▸ **What you are asked to do**: The response should consist of the data below, copied exactly, with no pictures in it.

---- Available data

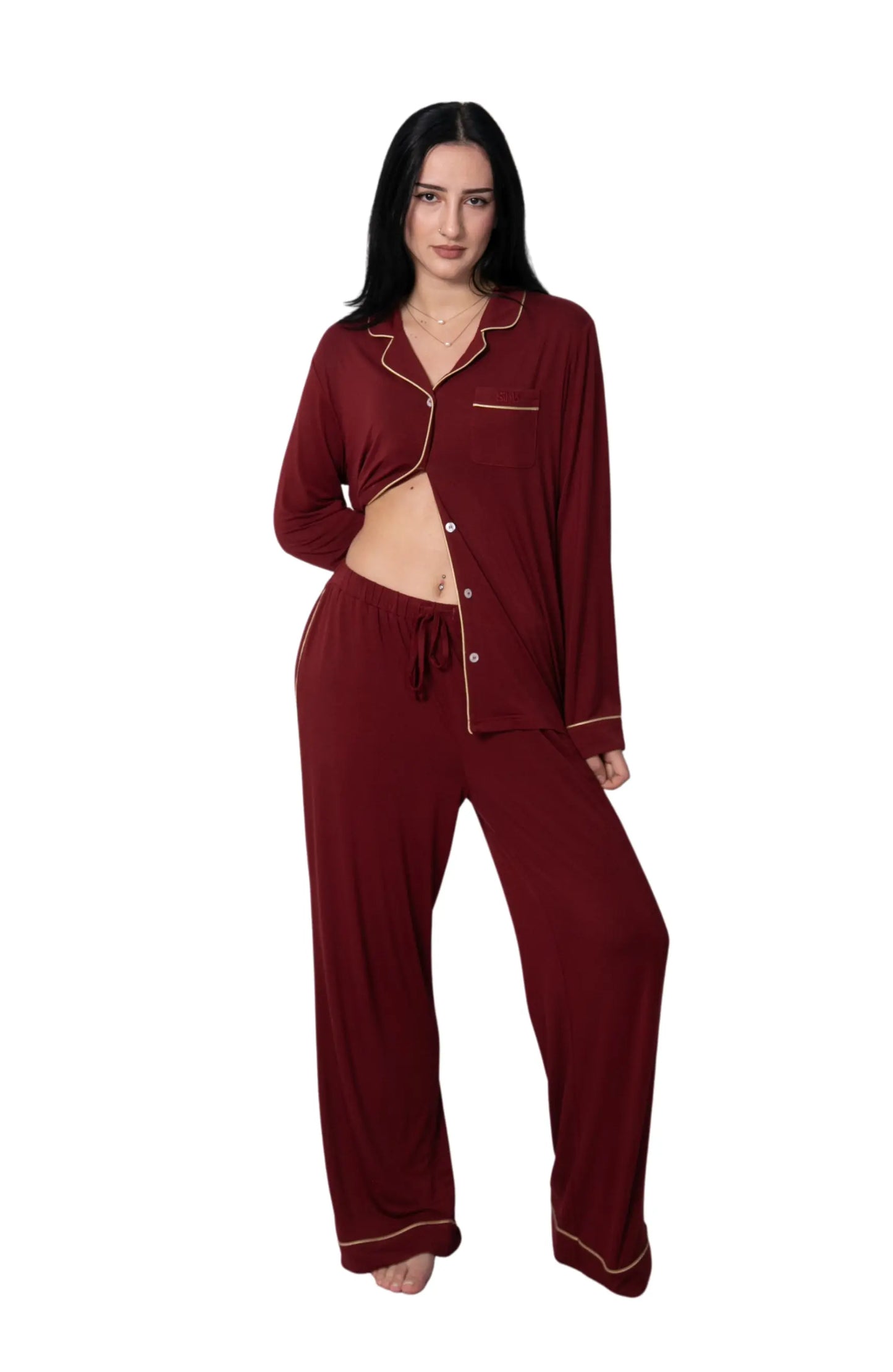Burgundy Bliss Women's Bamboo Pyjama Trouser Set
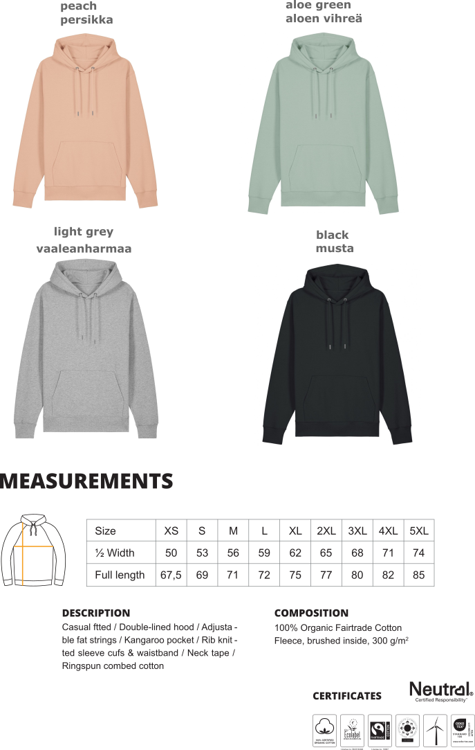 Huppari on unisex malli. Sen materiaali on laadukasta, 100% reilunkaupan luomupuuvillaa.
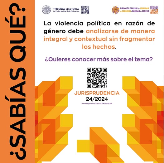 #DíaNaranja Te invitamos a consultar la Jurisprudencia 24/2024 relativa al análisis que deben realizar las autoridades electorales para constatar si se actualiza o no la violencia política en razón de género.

--------

▸ **Solution below**:
Burgundy Bliss Women's Bamboo Pyjama Trouser Set
 Huppari on unisex malli. Sen materiaali on laadukasta, 100% reilunkaupan luomupuuvillaa.
 #DíaNaranja Te invitamos a consultar la Jurisprudencia 24/2024 relativa al análisis que deben realizar las autoridades electorales para constatar si se actualiza o no la violencia política en razón de género.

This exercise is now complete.